In the attention mechanism, learning occurs in accordance with the previously described method to generate a sentence. The first word is created, the second word most related to the first word is created, and the third word that can be naturally connected to the preceding two words is then created. There are sentences, however, that do not follow this principle. For example, in the sentence, “The girl loved by many boys is my sister,” the verb “is” refers to “girl,” which is far away, not “boys,” which is right next to it. The attention mechanism randomly resets the initial parameter values1) to predict the next word. Therefore, with neural network training, it takes a long time for the most relevant words to be assigned high attention scores, while a massive data input and subsequent large amount of energy are needed for accurate analysis. However, linguists instantly ascertain this special case through sentence analysis because the attention mechanism is closely akin to syntax analysis in linguistics, which breaks down the constituents of a sentence and analyzes their relationships. Consequently, consulting linguists, instead of resetting parameter values, could yield initial values that approximate correct ones, thus significantly reducing the time required for neural network learning and the astronomical costs of developing AI.
Parameter: A variable that allows the values passed as factors to be used within a function when calling a function. It affects the operation of software or systems and can be understood as data input from the outside.
The results of normal vectorization of 10 homonyms (left) and the results of vectorization that factored in grammatical structures derived from syntax analysis (right). It can be seen that homonyms are better distinguished on the right side than on the left side.
Q3
Why do we need an AI language model tailored to the Korean language?
American companies take the lead in AI-related businesses, so other countries are forced to use the AI models developed by these companies and make modifications depending on their specific situations. The same holds true for language models. Yet, there are about 7,000 languages in the world, and each language has its unique systems and characteristics. In this respect, the chance is low that an English-based algorithm will seamlessly apply to other languages. Some may settle for a model with 90% accuracy, while others absolutely need a model with super high accuracy. Thus, it is time for Korean language scholars and engineers to collaborate on developing a language model with almost perfect performance to reflect the special features of the Korean language.
Q4
You started delving into software 20 years ago and currently engage in AI-related studies and research. Do you have any special memories?

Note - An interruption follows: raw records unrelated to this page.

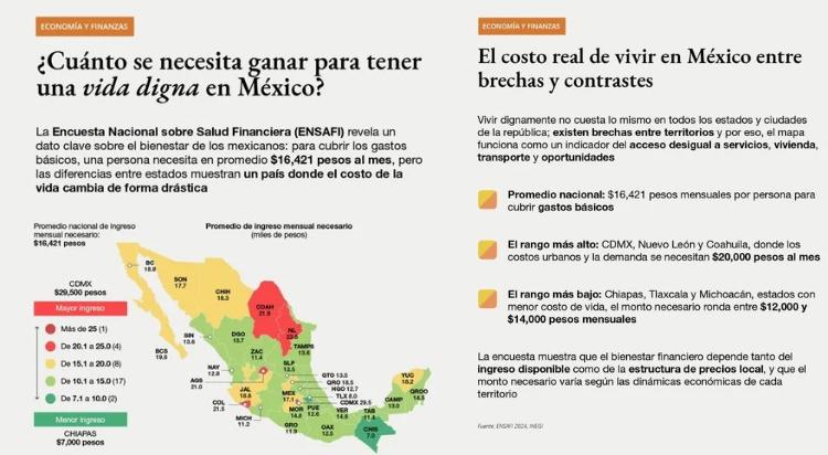 La Encuesta Nacional sobre Salud Financiera (ENSAFI) reveló el costo real de vivir en México, evidenciando profundas brechas y contrastes entre estados. De acuerdo con el estudio, una persona necesita en promedio $16,421 pesos mensuales para cubrir los gastos esenciales; sin embargo, esta cifra cambia de forma significativa dependiendo del territorio.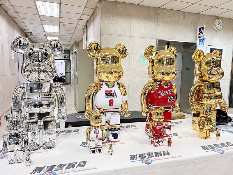 Twelve Be@rbrick models are displayed yesterday after being confiscated by Taipei police following a raid earlier this month of an alleged fraud ring. Vehicles including a Jeep Wrangler, Porsche and Mercedes-Benz, as well as about NT$1.72 million (US$53,068) in cash were also confiscated. The ring alleged raked in more than NT$300 million, Taipei prosecutors said yesterday.
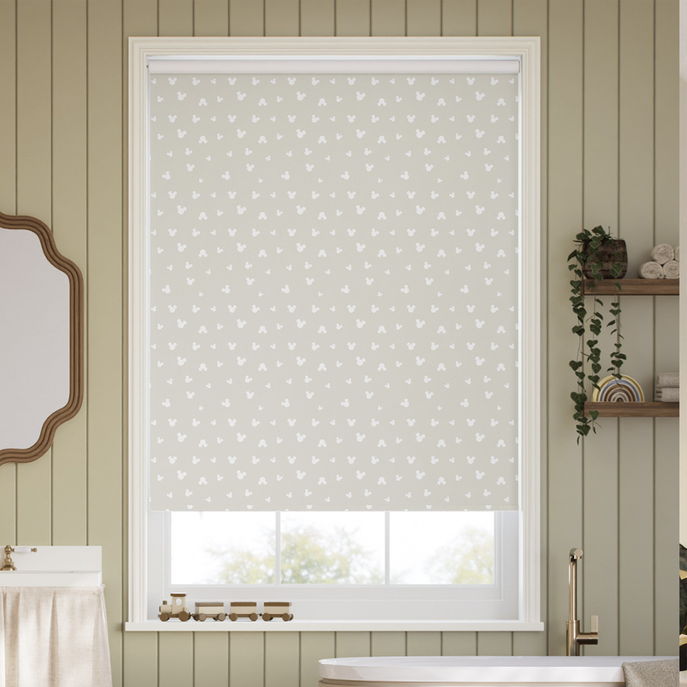Con una suave paleta que combina tonos de gris claro con matices neutros, este estor está decorado con llamativas siluetas de Mickey Mouse de Disney, creando un encantador efecto dentro del marco de tu ventana. No solo es una elección hermosa, sino también muy práctica, ya que su forro opaco garantiza una solución óptima de privacidad y control de luz.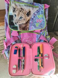 Zaino per la scuola originale WWF, fantasia Leoncino, estensibile e molto capiente, con diverse tasche, in ottime condizioni, vendo a € 30,00.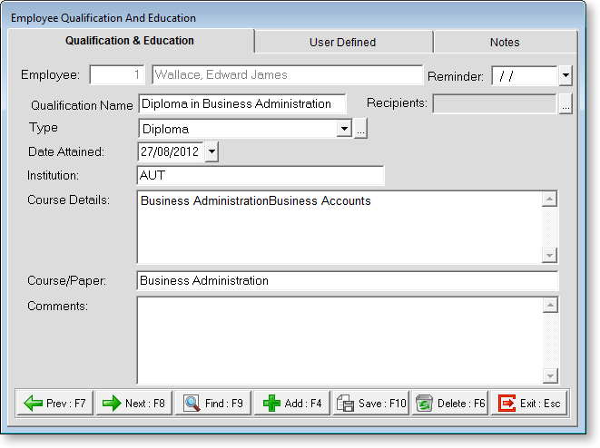 By creating a database of qualification options and then assigning these at the employee level this can become an easily managed area providing valuable information to assist in your organisation's human resource planning.

In 1999, at the forefront of the digital age, I participated in the Korean informatization project designed to construct a Korean corpus and electronic dictionary. Despite the pivotal role of linguists in developing programs, both linguists and programmers suffered from a lack of communication due to their seemingly different disciplines. To overcome this dilemma, I taught myself C and C++ programming languages, which not only was intriguing but also enabled me to effectively interact with developers. It was 2018 when I seriously approached the field of artificial intelligence. At the time, I set my sights on creating one useful program rather than exploring all fields of computer science. In those days, works of medieval literature such as 『Seokbosangjeol』 and 『Wolinseokbo』 became digitized, but the search function did not work properly, causing great inconvenience. I created a program through which typing a keyword generates a list of all of the same keywords appearing in literary works and distributed it to my juniors and seniors as well as other faculty members around me. Although I spent many sleepless nights fixing errors and updating the program, I felt rewarded when they thanked me for helping them significantly reduce the time they spent on research papers.
Q5
What does it take to break down barriers between disciplines and promote inter-disciplinary convergence?
Compared to programming, linguistics bears some analogy to mathematics in that it has fixed rules unlike other disciplines in the humanities. Moreover, both programming and linguistics deal with “language.” Nevertheless, many students find programming classes demanding. Similar to my approach, I encourage students to refrain from pursuing the high-hanging fruit (which requires in-depth and extensive study) and instead approach other disciplines with a focus on setting and fulfilling a simple, yet definite goal. This way, they will become motivated and feel a sense of accomplishment. Fortunately, quite a few students have come to realize the importance of their exposure to non-major disciplines. I am also putting a lot of effort into devising ways to make my classes more engaging and effective, further inspiring the students to make the most of their studies.
Q6
Please tell us about your research plans down the road.
Reinforcing the presence of linguists in NLP research entails conclusive evidence that their linguistic knowledge enhances the performance of AI language models. The development of a deep learning-based Korean morpheme analyzer is only the first step toward a much wider world of natural language processing. As a linguist, I am determined to contribute to developing AI language models that embrace the traits and individuality of the Korean language and to cultivating the talent to facilitate the process.